We admit eight new Kindergarten students each year.
There are two Kindergarten classrooms with 22 students and two gradehead teachers in each.
List of 9 items.
The primary goals of the Kindergarten program are for children to develop self-confidence, enthusiasm for learning, respect, and appreciation for others. We emphasize the development of social skills and encourage children to cooperate in a number of ways throughout the school day. The curriculum is designed to accommodate the wide range of learning styles and skill levels which the children bring to the classroom. Throughout the day, children work individually, in small groups, and as a whole class.
Language Arts In Kindergarten
Speaking, listening, reading and writing are inseparable parts of language development. Our program incorporates all of these elements. Mastery of language is a continuum, which extends over a number of years and happens for all children at different ages depending on their maturation, experience and learning style. The goal of the language arts program is to nourish a love for words and books, build specific skills, and help children gain confidence in their own abilities. Teachers offer a range of opportunities for children to explore language. Children listen to stories and poetry, sing songs, write, and play phonetic games. Aspects of the language arts curriculum are also reinforced through the Fundations program.
The goal of our mathematics program is to help children construct their own mathematical knowledge through meaningful learning experiences.
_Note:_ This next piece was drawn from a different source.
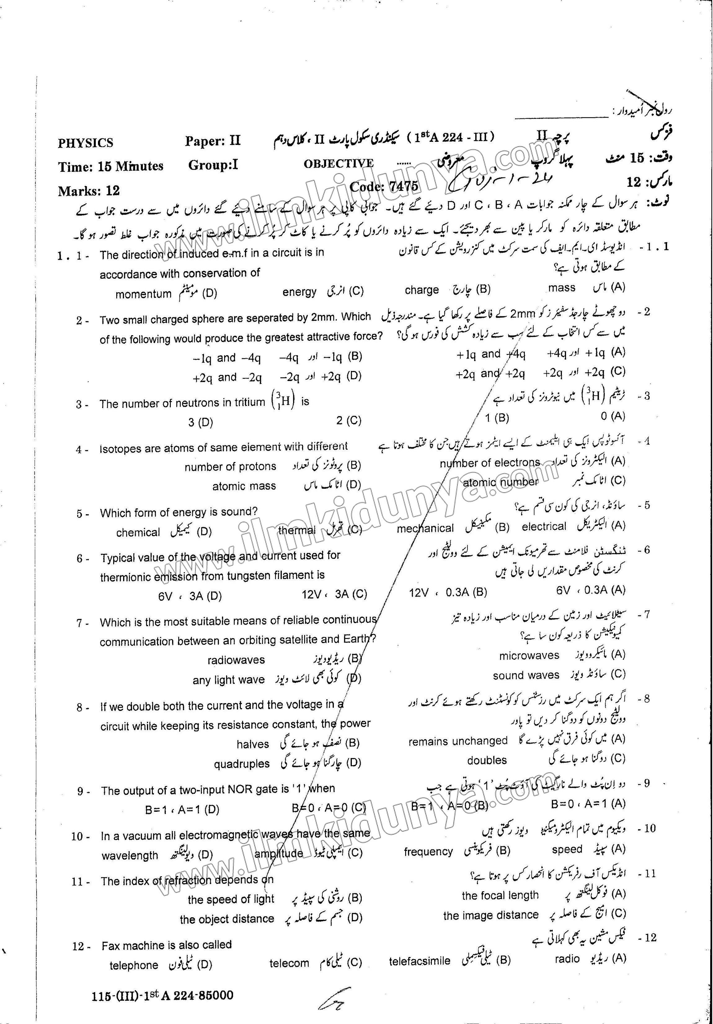 - The 10th Class Physics Past Papers Gujranwala board are available.

Students solve problems, develop sound reasoning, and communicate their mathematical thinking in written and oral forms. They make connections to mathematical ideas and real-life experiences, and explore multiple representations. We encourage children’s interest in mathematics while building their confidence and strengthening their skills.
Our program emphasizes the use of concrete materials such as dice, pattern blocks, Unifix cubes, and other math manipulatives. The content areas we cover include: number sense and operations, algebra (patterns and relationships), measurement, data analysis and geometry (shapes and spatial reasoning).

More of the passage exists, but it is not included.